Il est parfois extrêmement difficile de différencier une signature imprimée d’une signature manuscrite. Il est fréquent de trouver des cartes de vœux ou des lettres tapuscrites/dactylographiées signées sans que l’on sache si les mots et les signatures sont authentiques.   Les collectionneurs sont très souvent confrontés à cette problématique lorsqu’il s’agit de documents signés par les Présidents des Etats-Unis.  En effet, il existe ce que les américains appellent les « autopen ». 
Il s’agit d’une machine reproduisant mécaniquement et fidèlement n'importe quelle signature "programmée". Nous n’étions pas assez naïfs pour penser que John Fitzgerald Kennedy ou Ronald Reagan signaient tous les documents émanant de la Maison Blanche ! Car entre les invitations, les cartes de remerciements, la réponse aux courriers des citoyens, les notes stratégiques, les messages aux députés et aux sénateurs, les missives diplomatiques, etc., le président passerait ses journées sur son bureau stylo plume à la main ! 

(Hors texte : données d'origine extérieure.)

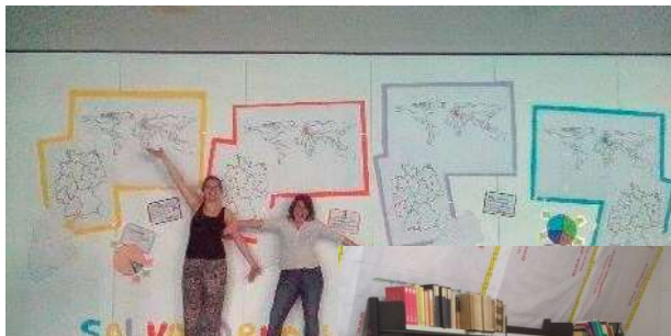
They asked all students where they were from and made a big world map

( https://www.youtube.com/watch?v=ikEyBI_JnhA&feature=youtu.be )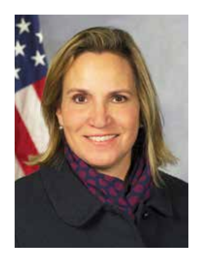
State Representative CHRISTINA SAPPEY

698 Unionville Road Kennett Square, PA 19348

L’autopen aurait été inventé au début du XIXe siècle. Selon les spécialistes, ce serait Harry Truman (président des Etats-Unis entre 1945 et 1953) qui aurait pour la première fois utilisé ce procédé (notamment pour signer les chèques... ). Ses successeurs, jusqu’à Barack Obama, ont tous utilisé cette machine au grand dam des collectionneurs. Et La pratique, circonscrite un temps au bureau ovale, s’est propagée chez certains artistes. 

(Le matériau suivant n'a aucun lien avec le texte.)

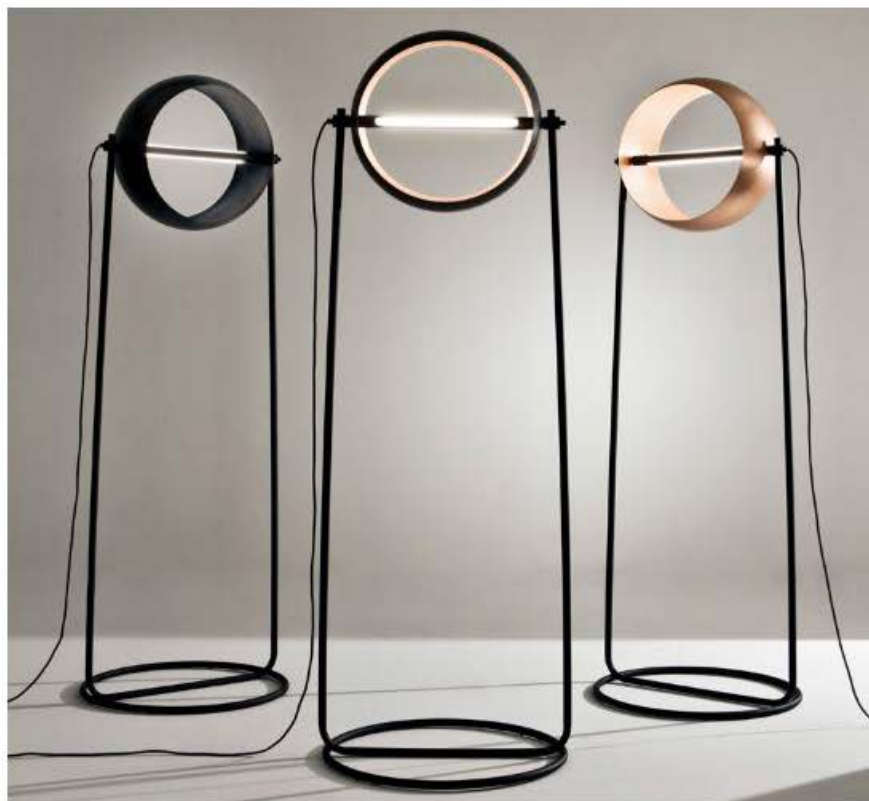
globe by edoardo colzani design studio A' design award winner in lighting products and projects design category.

Il est apparaît très difficile d’identifier un autographe signé par une machine autopen. La meilleure des méthodes restent une comparaison scrupuleuse avec les signatures authentiques recensées par les spécialistes. Un site Internet crée par le suisse Markus Brandes met en ligne une base de données très intéressante afin de démêler le faux du vrai (http://www.isitreal.com/) . De Kennedy à Mitterrand en passant par Chagall ou Einstein, Is It Real propose une bibliothèque de signatures autographes et des comparaisons particulièrement intéressantes et instructives pour l’amateur.  

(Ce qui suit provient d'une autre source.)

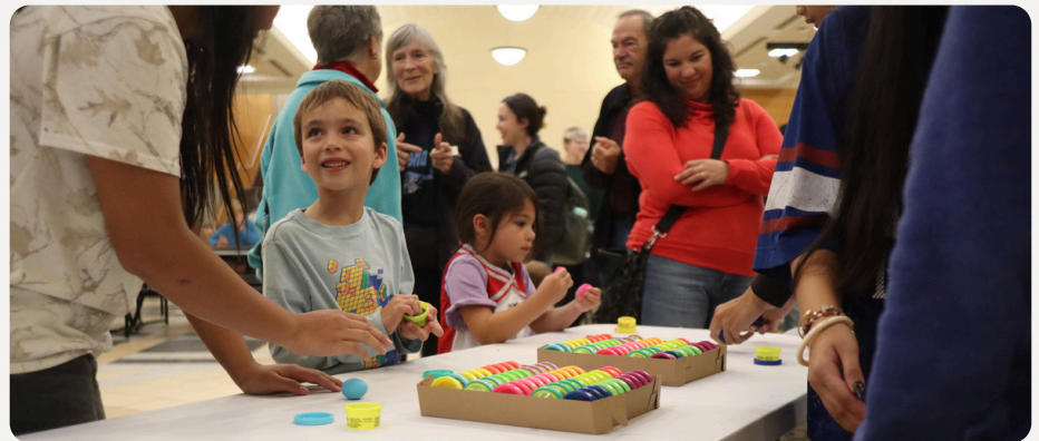
School Nutrition Spotlight

La profusion semble t-il de ces signatures automatiques semble pénaliser certains thèmes de collections, et plus précisément ceux traitant de la vie politique américaine après 1945. Ceci explique t-il pourquoi les amateurs trouvent si peu de lettres autographes de Kennedy, de Nixon ou d’Eisenhower dans les ventes aux enchères françaises ? A moins peut-être que la curiosité pour ces personnalités soit faible (j’en doute un peu).Quoi qu'il en soit devant une lettre signée de Kennedy, gardez l'oeil !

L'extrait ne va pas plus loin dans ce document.